Drop every picture and give the entries back exactly.

Start of DATA SECTION

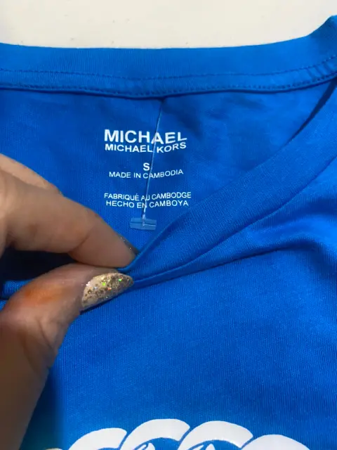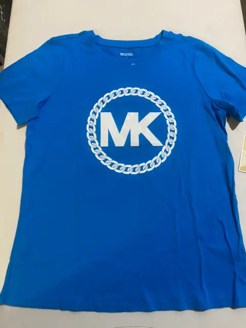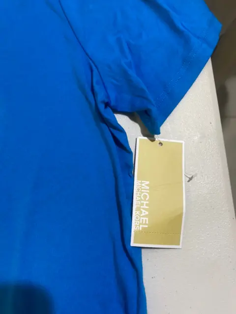PLAYERA MICHAEL KORS TALLA Mediana. PLAYERA COLOR AZUL REY CON MARCA VISIBLE AL FRENTE COLOR BLANCO PLASTIFICADO, totalmente nueva con etiqueta de papel. TIENE UN DETALLE QUE SE MUESTRA EN LAS ÚLTIMAS FOTOS POR EL PLÁSTICO DE LA ETIQUETA SE LE HIZO UN PEQUEÑITO HOYO.
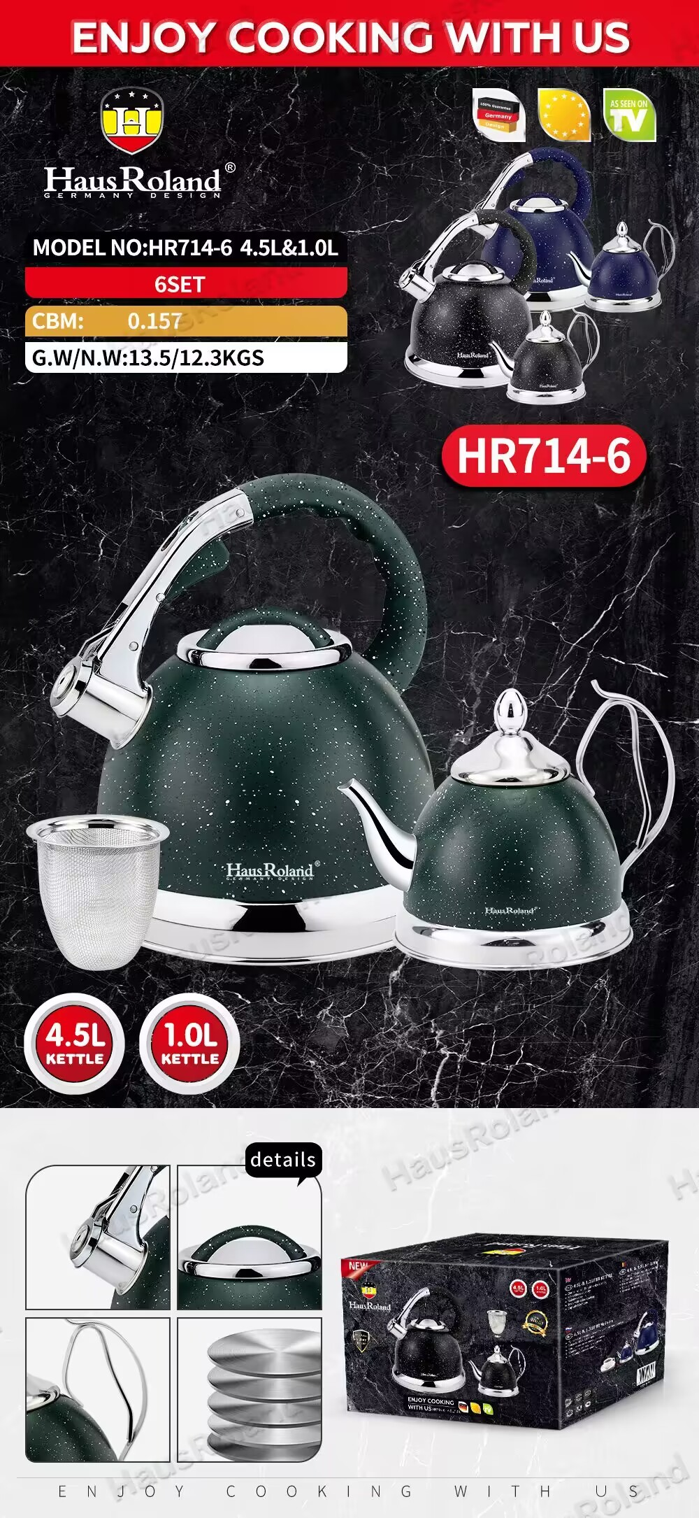 壶身:不锈钢201,0.4mm,带茶漏 底部:底部直径24cm,复底0.5mm铝+1.5mm铁+0.5mm 铝,43大包底,有底唛,壶身带logo,内底镜光 外部处理:上喷底漆+两色撒点漆,下镜光 内部处理:砂光 盖子:不锈钢盖+尼龙喷漆 配件:锌合金手柄加尼龙手柄,尼龙部分喷漆同壶身一样
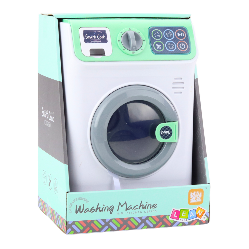 Zabawkę uruchamia się przyciskiem ON/OFF umieszczonym na panelu dotykowym. Po wybraniu jednego z dostępnych programów pralka zaczyna działać – towarzyszy temu dźwięk nalewania wody, a bęben wewnątrz urządzenia obraca się jak w prawdziwej pralce. Dodatkowym atutem jest otwierany frontowy bęben oraz wysuwana szuflada na proszek, co pozwala dziecku na jeszcze bardziej realistyczną i angażującą zabawę.
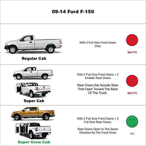 Fitment: 2009-2014 F-150 SuperCrew/Crew Cab Only *Note:The super crew cab has four full size doos that open in the same directions. Item-offered: 4pcs Wind Deflector window visors (Installation instruction is not included,please check the sample installation picture above for reference) Style: Tape-On Style (Stick on to the door & above the windows.Not In-Channel Style) Installation: Direct Tape-On Design,Easy Peel-N-Stick Installation.No Cutting or Drilling Required Material: Reinforced Acrylic Item-Function: * 100% Brand new.New used or installed * Comes With 3M Automotive-Grade Double-Sided Tapes.Easy Installation. * Help reduce heat buildup in park vehicles by allowing air in when partially open. * High quality material to withstand the rigors of the elements. * Dramatically Improve Styling & Appearance.
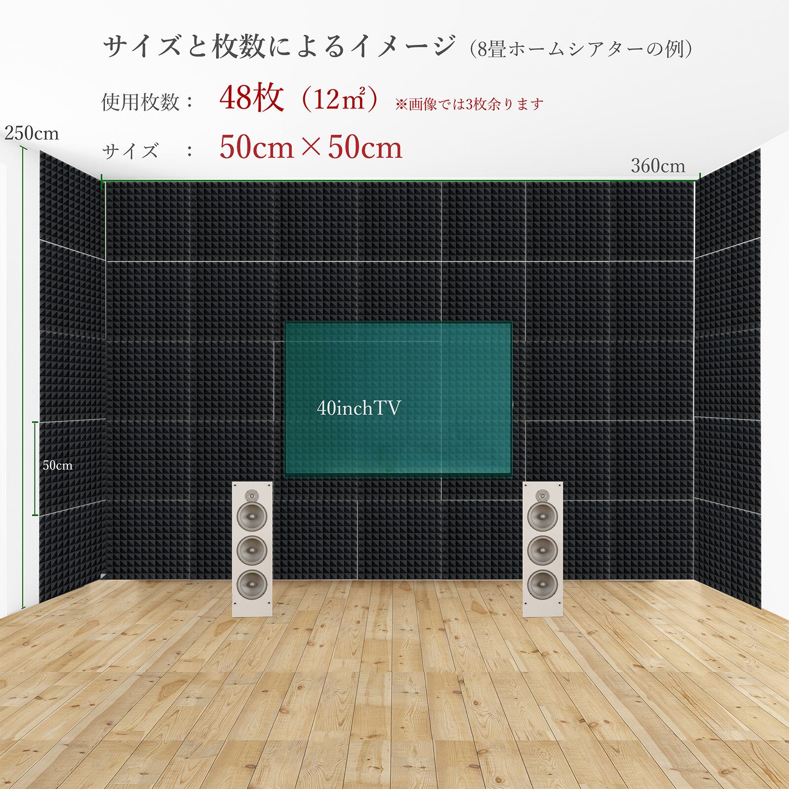 ウレタン吸音材 48枚セット(幅50cm × 50cm 12山)【厚さ5cm】
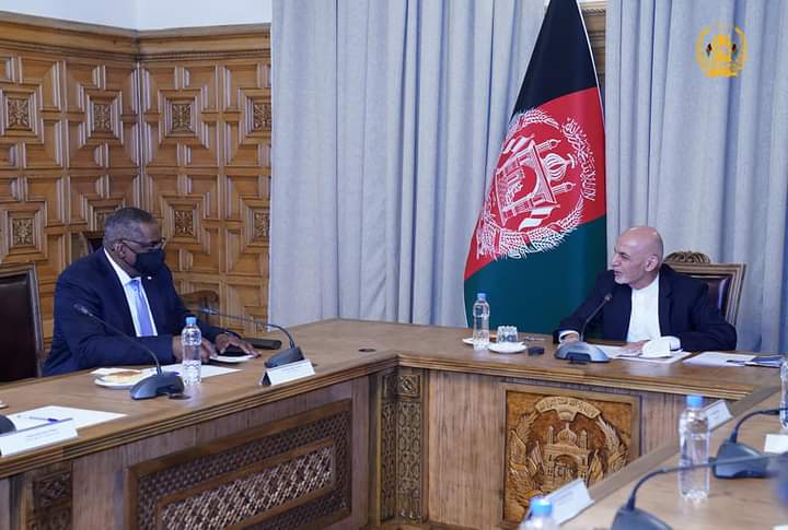 د افغانستان اسلامي جمهوریت جمهوررئیس محمد اشرف غني نن ماسپښین د امریکا دفاع وزیر لویډ جیمز اسټین سره په ارګ کې وکتل.
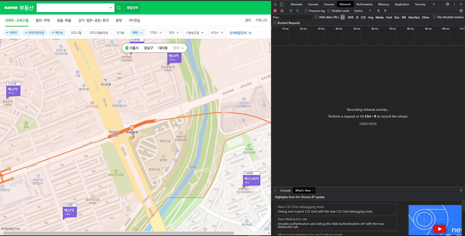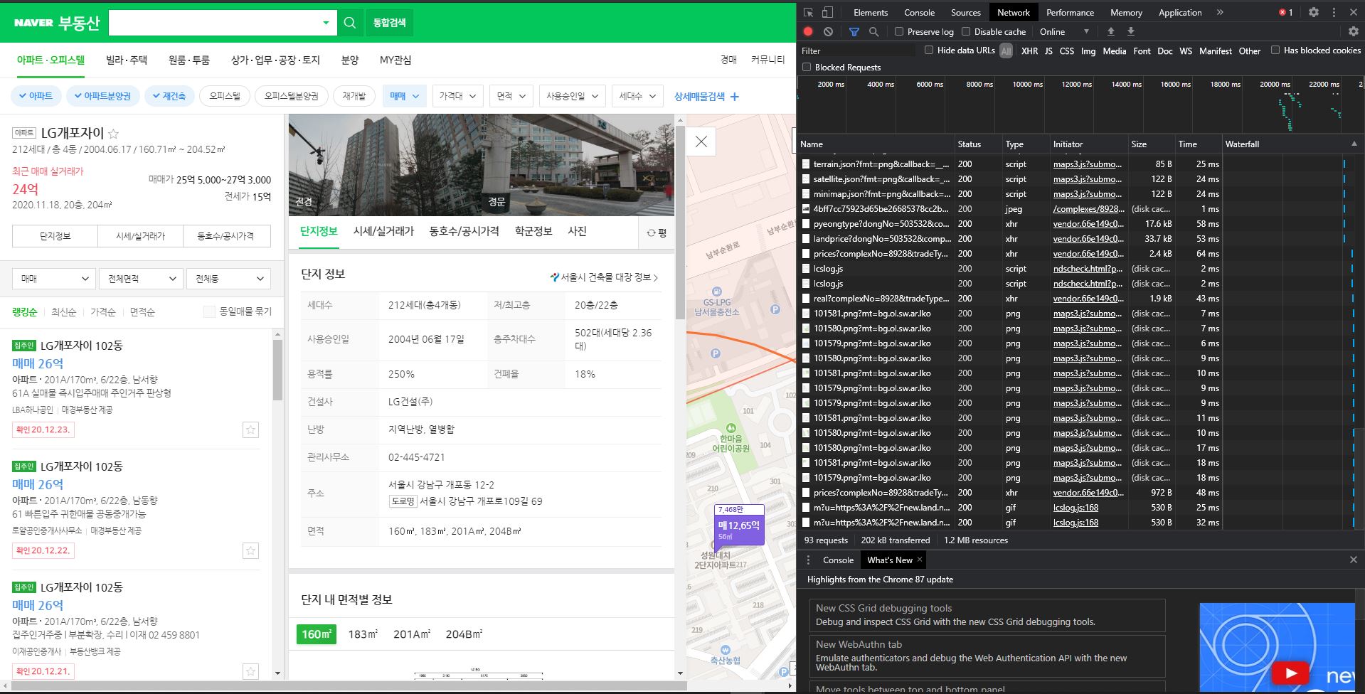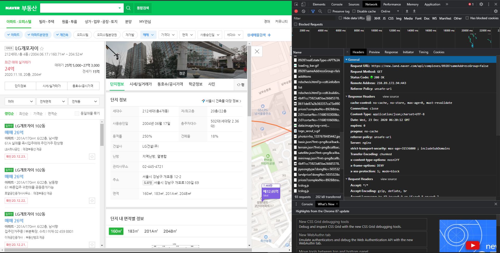 아까 개포동을 선택하여 LG개포자이를 선택하기전 F12버튼을 눌러주자(크롬기준) 그러면 알수 없는 정보들이 떠있는 요상한 화면이 뜰것이다.
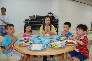 早餐过后是团康环节。在三位爱心老师的带领下,孩子们都非常投入地唱唱跳跳。小朋友的吸收能力相当强,在短时间内就把歌曲记下了。团康歌曲有《地球的孩子》、《爱心小菩萨》、《发好愿说好话》和《幸福的脸》。
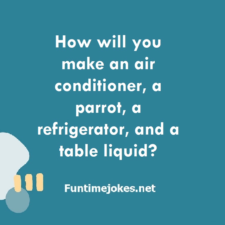 How will you make an air conditioner, a parrot, a refrigerator, and a table liquid? is one of the best riddle of the day.We have best collections of riddles, You can see our best collection of Tricky Riddles with Answer
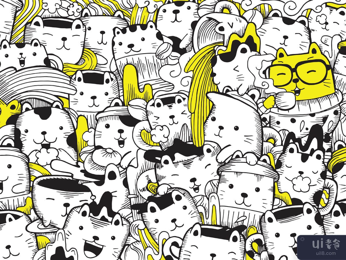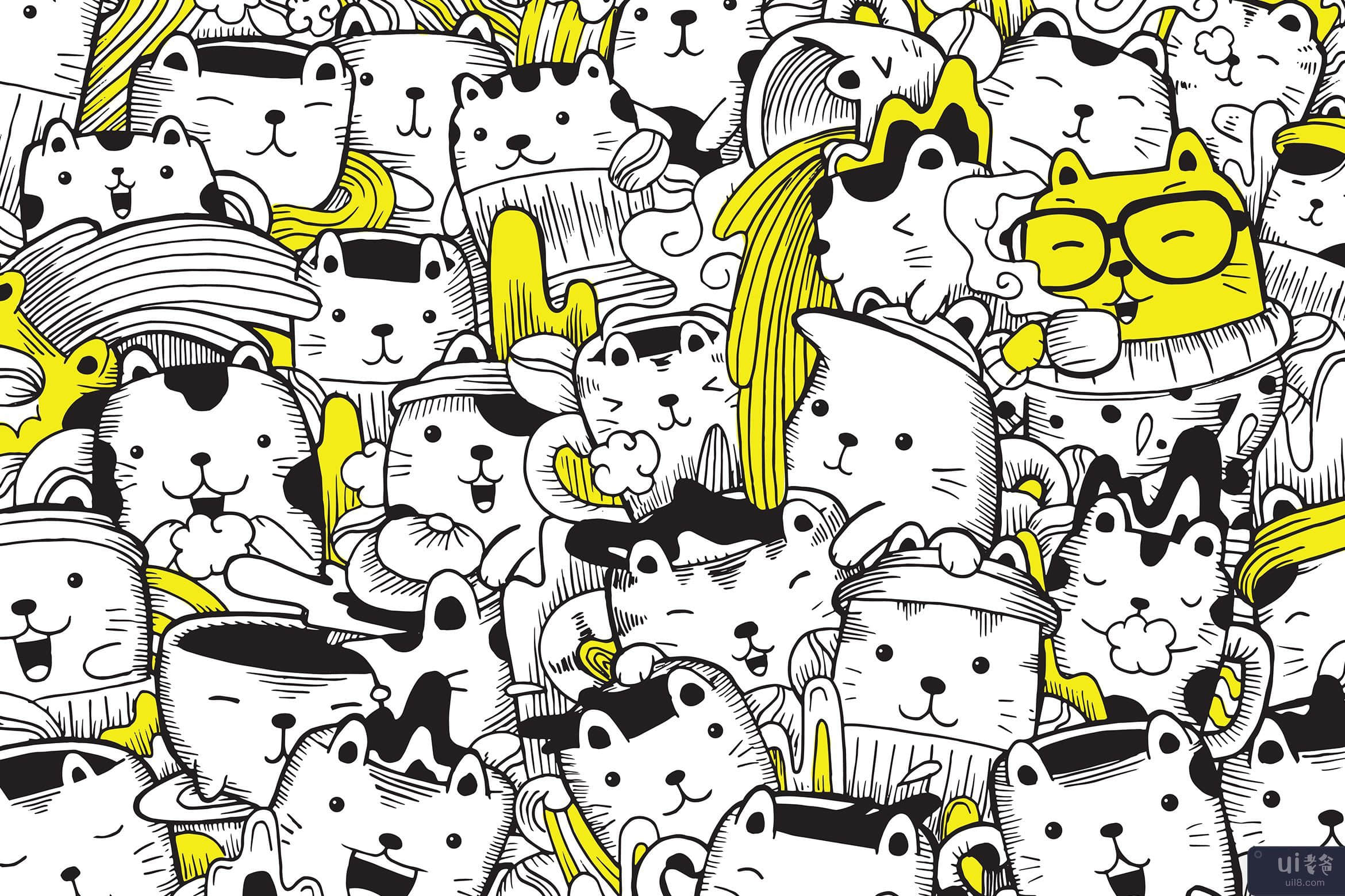 猫和咖啡的孩子们的可爱着色(Cute coloring for kids with Cats and Coffee)
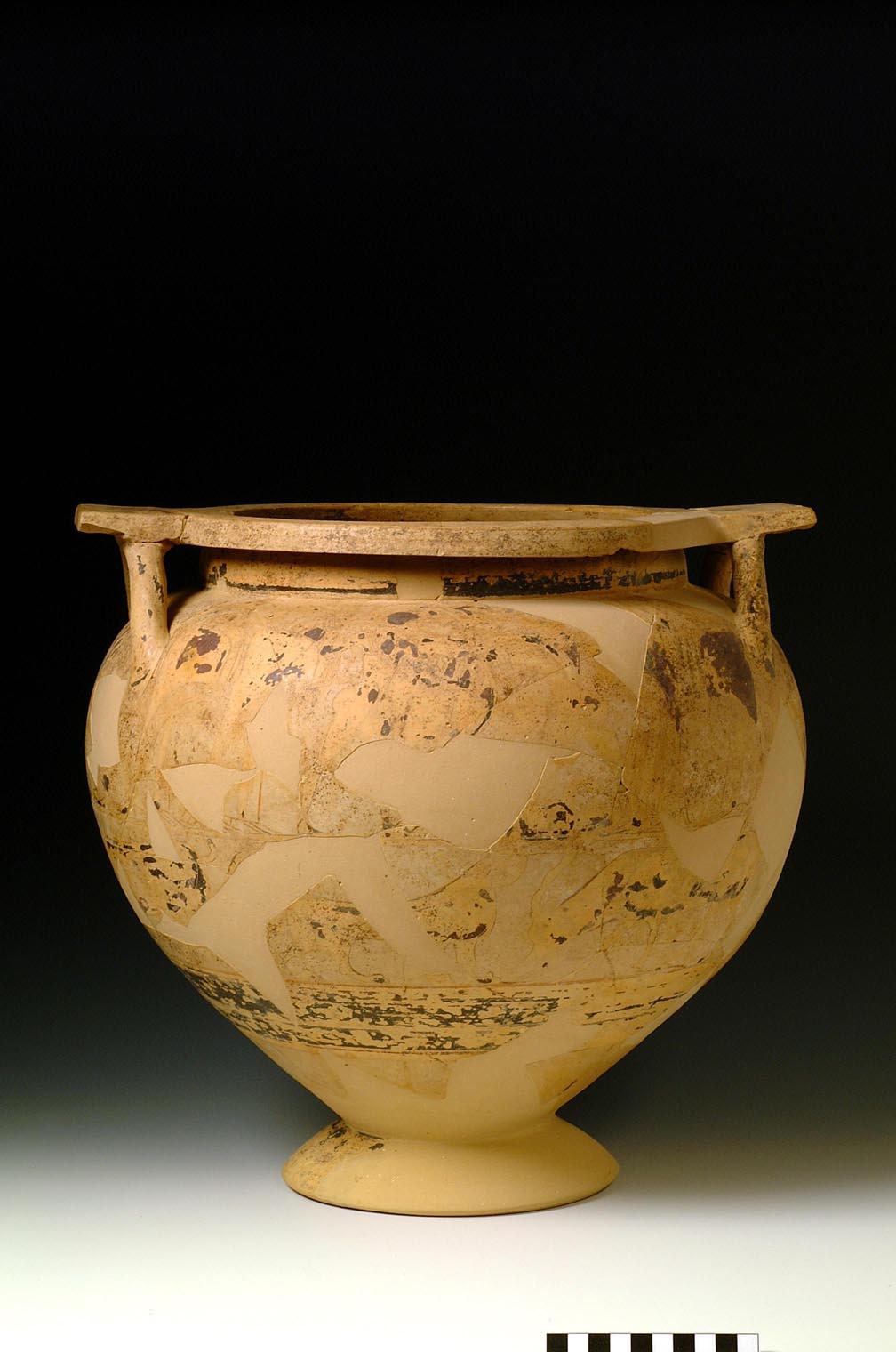 Cratere a colonnette con labbro piano e orlo verticale, collo cilindrico distinto, spalla arrotondata, corpo ovoide, piede troncoconico, anse verticali a bastoncello impostate sulla spalla e raccordate al labbro mediante una placchetta trapezoidale. Decorazione: all''interno del collo, fascia nera sovrapposta a fascia paonazza; interno del corpo dipinto. Sull''orlo serie continua di tremoli obliqui, sul piano delle anse, sfingi verso destra. Lato A, registro superiore: scena di duello tra due opliti al centro armati di elmo, scudo, lancia; per terra tra loro, guerriero disteso ferito con la mano destra al capo; ai lati, da ogni parte, sei figure femminili che assistono al combattimento con manto bordato; tra i due armati un volatile gradiente a sinistra. Lato B, registro superiore: scena di banchetto con tre klinai con cuscini ricoperte di un manto puntinato sulle quali sono tre coppie, l''uomo a destra e la donna a sinistra, con tazza in mano; sotto alle klinai, piccole trapeze con va

End of DATA SECTION

**SOLVED EXERCISE:**
PLAYERA MICHAEL KORS TALLA Mediana. PLAYERA COLOR AZUL REY CON MARCA VISIBLE AL FRENTE COLOR BLANCO PLASTIFICADO, totalmente nueva con etiqueta de papel. TIENE UN DETALLE QUE SE MUESTRA EN LAS ÚLTIMAS FOTOS POR EL PLÁSTICO DE LA ETIQUETA SE LE HIZO UN PEQUEÑITO HOYO.
 壶身:不锈钢201,0.4mm,带茶漏 底部:底部直径24cm,复底0.5mm铝+1.5mm铁+0.5mm 铝,43大包底,有底唛,壶身带logo,内底镜光 外部处理:上喷底漆+两色撒点漆,下镜光 内部处理:砂光 盖子:不锈钢盖+尼龙喷漆 配件:锌合金手柄加尼龙手柄,尼龙部分喷漆同壶身一样
 Zabawkę uruchamia się przyciskiem ON/OFF umieszczonym na panelu dotykowym. Po wybraniu jednego z dostępnych programów pralka zaczyna działać – towarzyszy temu dźwięk nalewania wody, a bęben wewnątrz urządzenia obraca się jak w prawdziwej pralce. Dodatkowym atutem jest otwierany frontowy bęben oraz wysuwana szuflada na proszek, co pozwala dziecku na jeszcze bardziej realistyczną i angażującą zabawę.
 Fitment: 2009-2014 F-150 SuperCrew/Crew Cab Only *Note:The super crew cab has four full size doos that open in the same directions. Item-offered: 4pcs Wind Deflector window visors (Installation instruction is not included,please check the sample installation picture above for reference) Style: Tape-On Style (Stick on to the door & above the windows.Not In-Channel Style) Installation: Direct Tape-On Design,Easy Peel-N-Stick Installation.No Cutting or Drilling Required Material: Reinforced Acrylic Item-Function: * 100% Brand new.New used or installed * Comes With 3M Automotive-Grade Double-Sided Tapes.Easy Installation. * Help reduce heat buildup in park vehicles by allowing air in when partially open. * High quality material to withstand the rigors of the elements. * Dramatically Improve Styling & Appearance.
 ウレタン吸音材 48枚セット(幅50cm × 50cm 12山)【厚さ5cm】
 د افغانستان اسلامي جمهوریت جمهوررئیس محمد اشرف غني نن ماسپښین د امریکا دفاع وزیر لویډ جیمز اسټین سره په ارګ کې وکتل.
 아까 개포동을 선택하여 LG개포자이를 선택하기전 F12버튼을 눌러주자(크롬기준) 그러면 알수 없는 정보들이 떠있는 요상한 화면이 뜰것이다.
 早餐过后是团康环节。在三位爱心老师的带领下,孩子们都非常投入地唱唱跳跳。小朋友的吸收能力相当强,在短时间内就把歌曲记下了。团康歌曲有《地球的孩子》、《爱心小菩萨》、《发好愿说好话》和《幸福的脸》。
 How will you make an air conditioner, a parrot, a refrigerator, and a table liquid? is one of the best riddle of the day.We have best collections of riddles, You can see our best collection of Tricky Riddles with Answer
 猫和咖啡的孩子们的可爱着色(Cute coloring for kids with Cats and Coffee)
 Cratere a colonnette con labbro piano e orlo verticale, collo cilindrico distinto, spalla arrotondata, corpo ovoide, piede troncoconico, anse verticali a bastoncello impostate sulla spalla e raccordate al labbro mediante una placchetta trapezoidale. Decorazione: all''interno del collo, fascia nera sovrapposta a fascia paonazza; interno del corpo dipinto. Sull''orlo serie continua di tremoli obliqui, sul piano delle anse, sfingi verso destra. Lato A, registro superiore: scena di duello tra due opliti al centro armati di elmo, scudo, lancia; per terra tra loro, guerriero disteso ferito con la mano destra al capo; ai lati, da ogni parte, sei figure femminili che assistono al combattimento con manto bordato; tra i due armati un volatile gradiente a sinistra. Lato B, registro superiore: scena di banchetto con tre klinai con cuscini ricoperte di un manto puntinato sulle quali sono tre coppie, l''uomo a destra e la donna a sinistra, con tazza in mano; sotto alle klinai, piccole trapeze con va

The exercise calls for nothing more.